Top of DATA

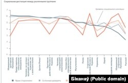 На графіку відаць, што палітычныя антыподы — зацятыя праціўнікі і зацятыя прыхільнікі ўлады — ставяцца адны да адных горш, чым да каго б там ні было іншага. Іх узаемныя ацэнкі — паміж 6 і 7, гэта значыць паміж «гатовыя прыняць як турыста ў Беларусі» і «ні ў якім выглядзе не хацеў бы бачыць іх у Беларусі».
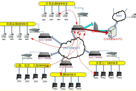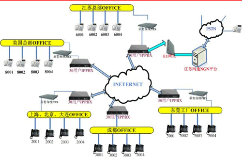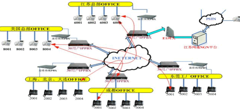 各地的IPPBX會自動識別輸入的號碼,并且通過網絡把號碼送到蘇州總部的1200交換機,江蘇的1200交換機已經通過E1與江蘇網通的NGN服務器對接。網通收到你輸入的被叫號碼,即發(fā)出呼叫,完成你的一次呼叫。如果有新辦事處成立,只要有網絡,可不用申請當?shù)氐碾娫捑路也可實現(xiàn)輕松辦公。
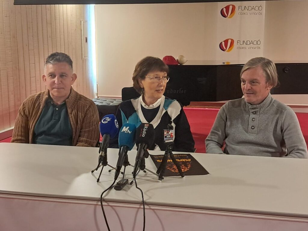 La coordinadora de la Fundació Caixa Vinaròs, Nati Romeu, ha presentat conjuntament amb el tècnic cultural de la Fundació Caixa Castelló, Alfredo Llopico, i el president de la Societat Musical “La Alianza”, Francisco Javier Torres Camós, l’activitat cultural “Rierada Musical”: un homenatge a la figura del músic vinarossenc universal Carles Santos que recorrerà el centre de Castelló el proper dissabte 18 d’abril a les 19:00 h.
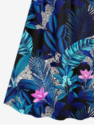 Plus Size Tropical Leaf Flowers Print Surplice Hawaii Cami Dress - Deep Blue - 4x
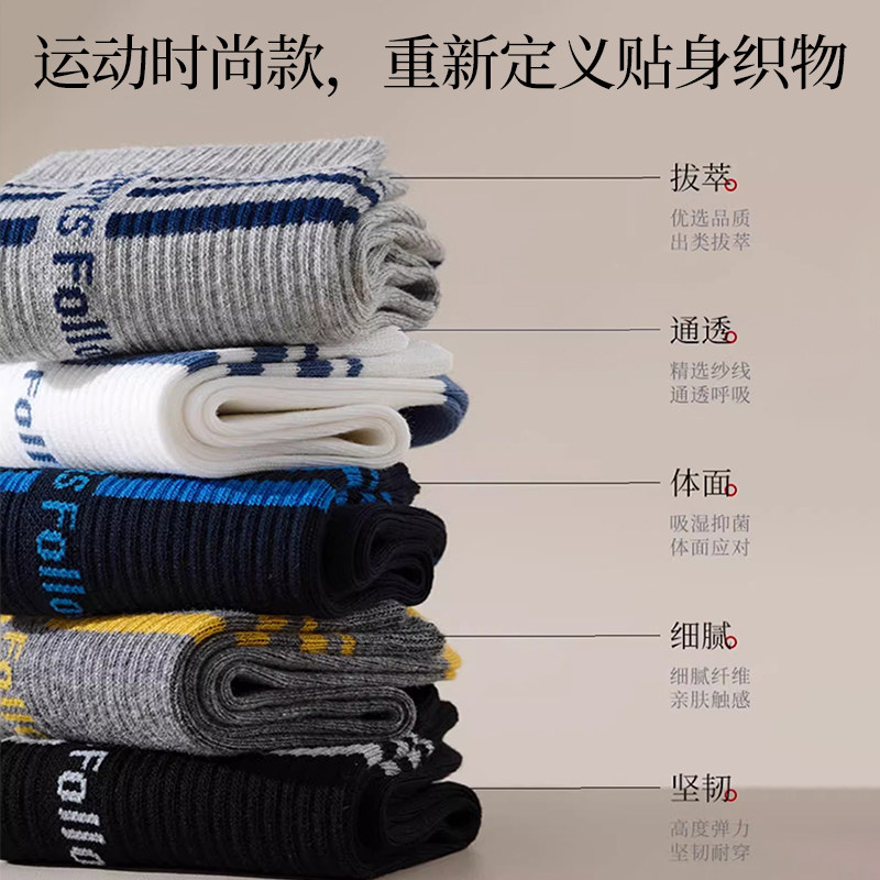 袜子男款春秋季运动吸汗防臭中筒袜夏天青少年透气抗起球长袜防滑
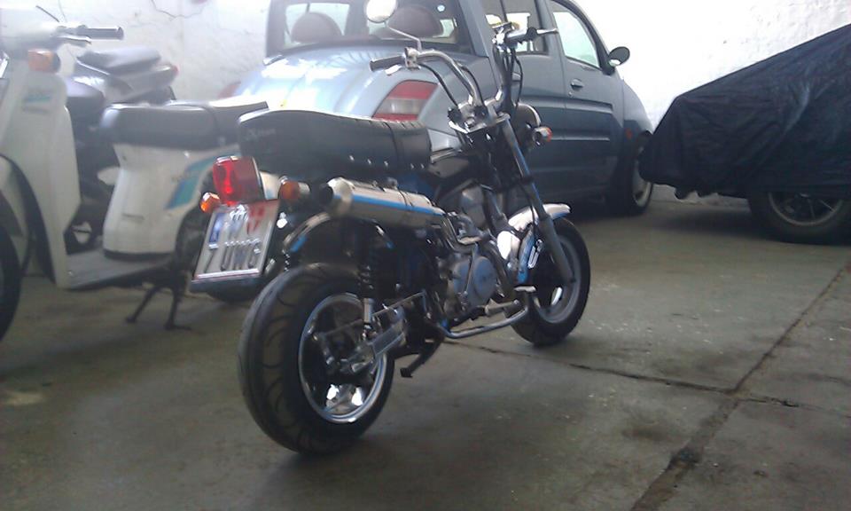 Bevors noch das erste mal auf die Straße ging wurden Auspuff, Reifen, Spiegel und Fussrasten ersetzt.
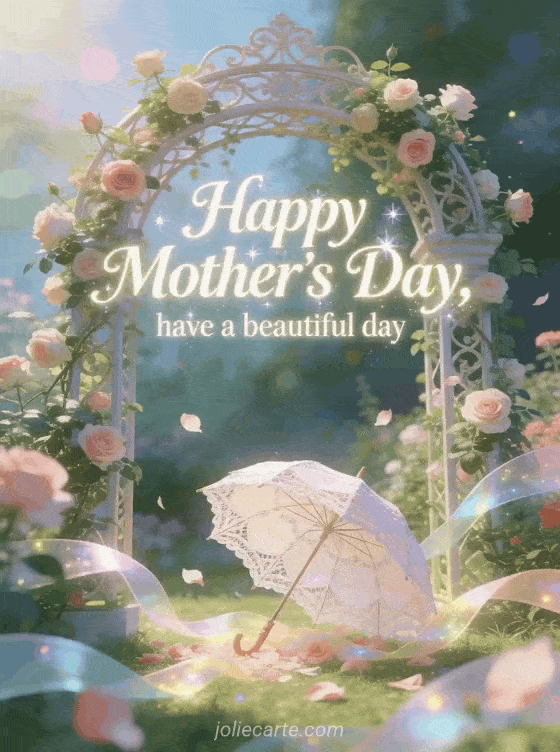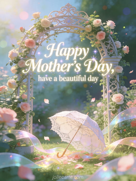 Offer a beautiful Mother's Day moment with a graceful illustrated garden arch, old roses, floating petals and festive ribbons. Discover also messages for Mother's Day, a handmade Mother's Day card or Mother's Day poetry kisses.
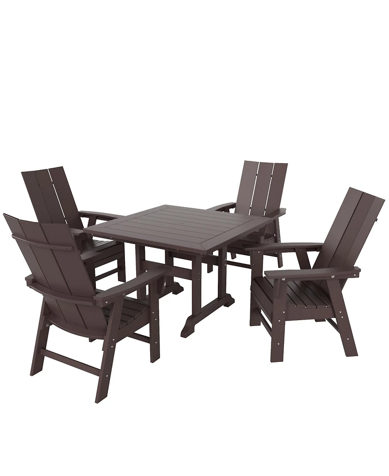 Impress your loved ones at your next outdoor family dinner with the 5-Piece outdoor dining set. This all-weather set seats up to four and features dining chairs with the look of modern Adirondack design. With a durable and spacious square dining table, this set is perfect for casual outdoor dining.
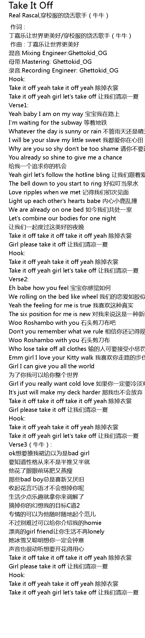 | [00:10.689] | Take it off yeah take it off yeah chú diào yī shang |
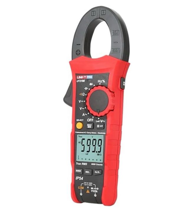 Medidor de pinza profesional UNI-T UT219E para electricista. - Diseño robusto y ergonómico. - Pantalla digital clara. - Pinza para mediciones de corriente AC.
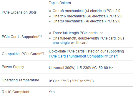 xMac Pro Server可以支持三块全长PCIe板卡,或一块双宽卡加一块单宽卡。PCIe1.1、PCIe2.0、PCIe3.0均可支持。xMac Pro Server最大限度的确保对各类“Thunderbolt-compatible”板卡的支持。
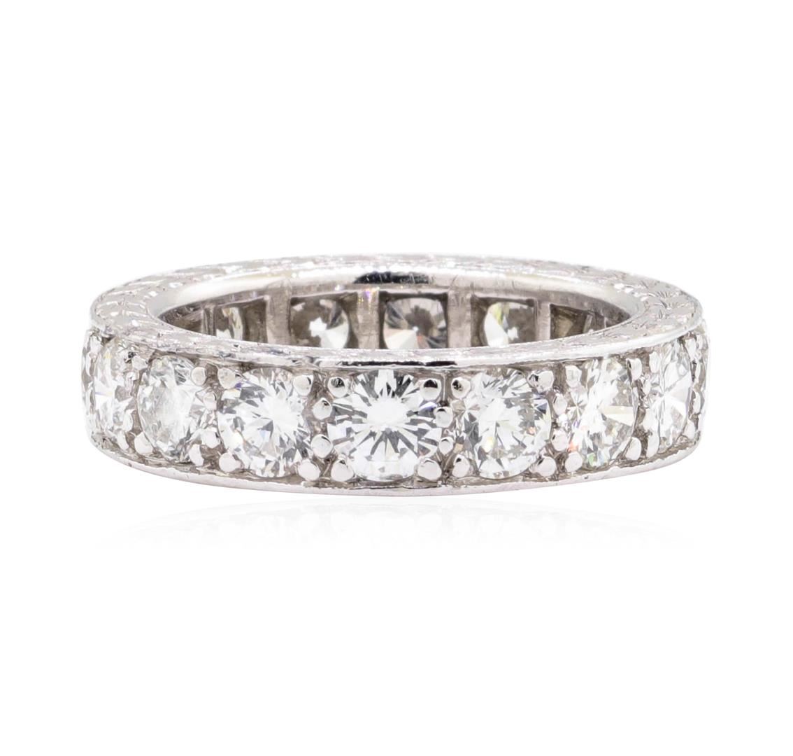 One electronically tested platinum Ladies cast fashion eternity ring with a bright polish, hand-engraved detail finish. The featured Ladies ring has a finger size of 6 and a shank measuring 4.90 millimeters in width. Condition is new, good workmanship. Containing: Sixteen prong set round brilliant cut diamonds, measuring 3.90 - 3.85 x 2.37mm (depth est.) approximate total weight of 16 Stones = 3.80ct. Graded in the setting. Color G - I Clarity VS-2 to SI-1 Cut Good. Total Weight of Diamonds 3.80ct.. Total Weight of Eternity Ring 9.80gm. GAS Appraised.
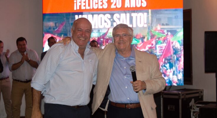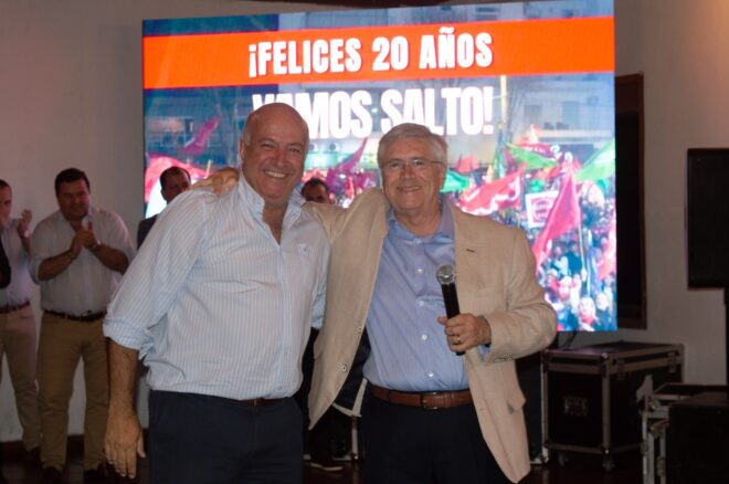 El sector liderado por el Senador Germán Coutinho oficializó su apoyo a la precandidatura presidencial por el Partido Colorado del actual Ministro Tabaré Viera. Vamos Salto celebró sus 20 años con una emotiva fiesta donde reunió a dirigentes fundadores y actuales, de la ciudad y del interior, para recordar las consagraciones de estas dos décadas y a su vez recibir a Tabaré Viera para anunciar formalmente su apoyo.
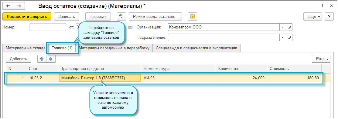 Добавлена возможность ввода остатков топлива в баке автомобиля через помощник ввода начальных остатков.

Bottom of DATA

YOUR GOAL
Please copy out each line above exactly as written, but not the pictures.

THE COMPLETED TASK
 На графіку відаць, што палітычныя антыподы — зацятыя праціўнікі і зацятыя прыхільнікі ўлады — ставяцца адны да адных горш, чым да каго б там ні было іншага. Іх узаемныя ацэнкі — паміж 6 і 7, гэта значыць паміж «гатовыя прыняць як турыста ў Беларусі» і «ні ў якім выглядзе не хацеў бы бачыць іх у Беларусі».
 各地的IPPBX會自動識別輸入的號碼,并且通過網絡把號碼送到蘇州總部的1200交換機,江蘇的1200交換機已經通過E1與江蘇網通的NGN服務器對接。網通收到你輸入的被叫號碼,即發(fā)出呼叫,完成你的一次呼叫。如果有新辦事處成立,只要有網絡,可不用申請當?shù)氐碾娫捑路也可實現(xiàn)輕松辦公。
 La coordinadora de la Fundació Caixa Vinaròs, Nati Romeu, ha presentat conjuntament amb el tècnic cultural de la Fundació Caixa Castelló, Alfredo Llopico, i el president de la Societat Musical “La Alianza”, Francisco Javier Torres Camós, l’activitat cultural “Rierada Musical”: un homenatge a la figura del músic vinarossenc universal Carles Santos que recorrerà el centre de Castelló el proper dissabte 18 d’abril a les 19:00 h.
 Plus Size Tropical Leaf Flowers Print Surplice Hawaii Cami Dress - Deep Blue - 4x
 袜子男款春秋季运动吸汗防臭中筒袜夏天青少年透气抗起球长袜防滑
 Bevors noch das erste mal auf die Straße ging wurden Auspuff, Reifen, Spiegel und Fussrasten ersetzt.
 Offer a beautiful Mother's Day moment with a graceful illustrated garden arch, old roses, floating petals and festive ribbons. Discover also messages for Mother's Day, a handmade Mother's Day card or Mother's Day poetry kisses.
 Impress your loved ones at your next outdoor family dinner with the 5-Piece outdoor dining set. This all-weather set seats up to four and features dining chairs with the look of modern Adirondack design. With a durable and spacious square dining table, this set is perfect for casual outdoor dining.
 | [00:10.689] | Take it off yeah take it off yeah chú diào yī shang |
 Medidor de pinza profesional UNI-T UT219E para electricista. - Diseño robusto y ergonómico. - Pantalla digital clara. - Pinza para mediciones de corriente AC.
 xMac Pro Server可以支持三块全长PCIe板卡,或一块双宽卡加一块单宽卡。PCIe1.1、PCIe2.0、PCIe3.0均可支持。xMac Pro Server最大限度的确保对各类“Thunderbolt-compatible”板卡的支持。
 One electronically tested platinum Ladies cast fashion eternity ring with a bright polish, hand-engraved detail finish. The featured Ladies ring has a finger size of 6 and a shank measuring 4.90 millimeters in width. Condition is new, good workmanship. Containing: Sixteen prong set round brilliant cut diamonds, measuring 3.90 - 3.85 x 2.37mm (depth est.) approximate total weight of 16 Stones = 3.80ct. Graded in the setting. Color G - I Clarity VS-2 to SI-1 Cut Good. Total Weight of Diamonds 3.80ct.. Total Weight of Eternity Ring 9.80gm. GAS Appraised.
 El sector liderado por el Senador Germán Coutinho oficializó su apoyo a la precandidatura presidencial por el Partido Colorado del actual Ministro Tabaré Viera. Vamos Salto celebró sus 20 años con una emotiva fiesta donde reunió a dirigentes fundadores y actuales, de la ciudad y del interior, para recordar las consagraciones de estas dos décadas y a su vez recibir a Tabaré Viera para anunciar formalmente su apoyo.
 Добавлена возможность ввода остатков топлива в баке автомобиля через помощник ввода начальных остатков.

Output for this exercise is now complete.